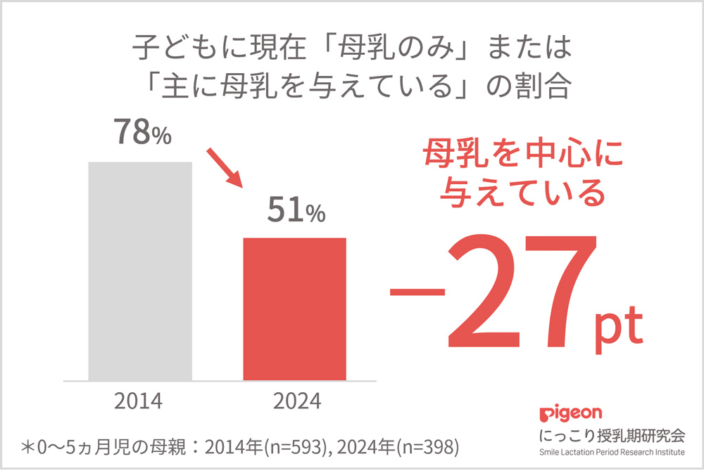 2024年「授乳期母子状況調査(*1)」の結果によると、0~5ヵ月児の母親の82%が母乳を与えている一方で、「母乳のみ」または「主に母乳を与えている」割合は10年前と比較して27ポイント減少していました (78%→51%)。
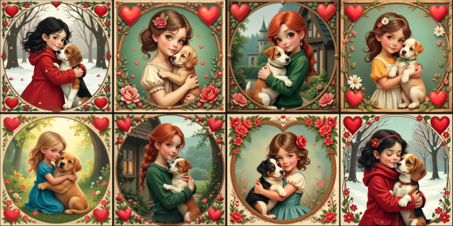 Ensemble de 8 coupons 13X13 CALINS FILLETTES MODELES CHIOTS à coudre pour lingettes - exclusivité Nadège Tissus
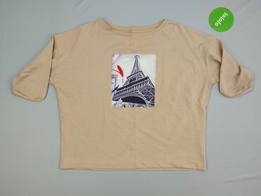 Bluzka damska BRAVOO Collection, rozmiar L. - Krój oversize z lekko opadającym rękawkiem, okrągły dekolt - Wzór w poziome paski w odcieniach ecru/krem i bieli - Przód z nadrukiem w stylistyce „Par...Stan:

▶ EXERCISE PROMPT
Apart from its pictures, the data is to be repeated exactly.

▶ SOLUTION FOR THIS TASK
 2024年「授乳期母子状況調査(*1)」の結果によると、0~5ヵ月児の母親の82%が母乳を与えている一方で、「母乳のみ」または「主に母乳を与えている」割合は10年前と比較して27ポイント減少していました (78%→51%)。
 Ensemble de 8 coupons 13X13 CALINS FILLETTES MODELES CHIOTS à coudre pour lingettes - exclusivité Nadège Tissus
 Bluzka damska BRAVOO Collection, rozmiar L. - Krój oversize z lekko opadającym rękawkiem, okrągły dekolt - Wzór w poziome paski w odcieniach ecru/krem i bieli - Przód z nadrukiem w stylistyce „Par...Stan:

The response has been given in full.